This post surveys how agents learn to manage their own context, from harness-driven compaction through memory tools to sub-agent delegation.

Why Context Management Matters

Four distinct pressures push agents toward context limits, each with different characteristics:

1. Deep reasoning exceeds context length. On truly difficult problems, test-time scaling means the model’s chain of thought can grow to tens or hundreds of thousands of tokens — potentially exceeding the context window during a single reasoning pass. The bottleneck is the model’s own generation, not external input.

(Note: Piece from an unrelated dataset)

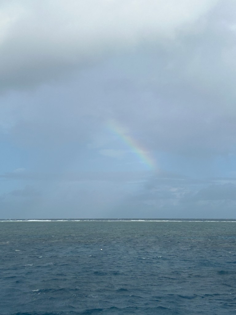 I headed up to the sun deck after I got dried off and watched the sun over the water, feeling the wind on my face and the salt in the air. My stomach was really rolling and I was just trying to hold it together so that I wouldn’t have to spew off the side. We had breakfast after the first dive and I went down, got some scrambled eggs and bacon and toast and sat back up on the sun deck again because I just didn’t think my stomach could handle sitting in an enclosed space. Given just how sick I was feeling after the first dive, I decided to just skip the second and hopefully head out for the third. We were still anchored off Malln Reef for the second dive, so I wasn’t really missing anything new. I enjoyed chilling up on the sun deck, alternating between reading a book and staring out across the horizon.

2. Tool outputs are long and off-policy. Search agents ingest web pages, code execution outputs, and API responses that can be tens of thousands of tokens each. A single screenshot in a GUI agent can consume thousands of tokens. These tokens consume context budget and push the model into out-of-distribution conditioning states.

3. Long-horizon tasks accumulate history. Multi-session tasks like SWE agents or deep research systems run for hundreds of turns. Even with short individual turns, accumulated history grows linearly and eventually saturates the window. Information relevant to the current step may have been generated many turns ago — naive FIFO truncation loses it.

4. User personalization requires cross-session state. Agents that serve the same user repeatedly need to remember preferences and prior decisions across separate conversations. The context window resets each session; personalization requires persistent storage.

These pressures often co-occur: a research agent (pressure 3) ingests long web pages (pressure 2) while reasoning deeply about their content (pressure 1) for a user whose preferences shape the research direction (pressure 4).

Long Context vs. Long Horizon

Two capabilities, often conflated, are largely distinct in practice:

1. Long-context capability: Can the model attend to and retrieve from information at large context lengths? This is an architecture + pretraining problem (RoPE scaling, context extension, attention patterns), and is typically measured by input-heavy retrieval benchmarks (RULER, needle-in-a-haystack).

2. Long-horizon reasoning: Can the model make productive use of additional thinking tokens or interaction turns? This is a training distribution + reasoning strategy problem, and the bottleneck is on the output side — sustaining coherent generation over tens or hundreds of thousands of tokens.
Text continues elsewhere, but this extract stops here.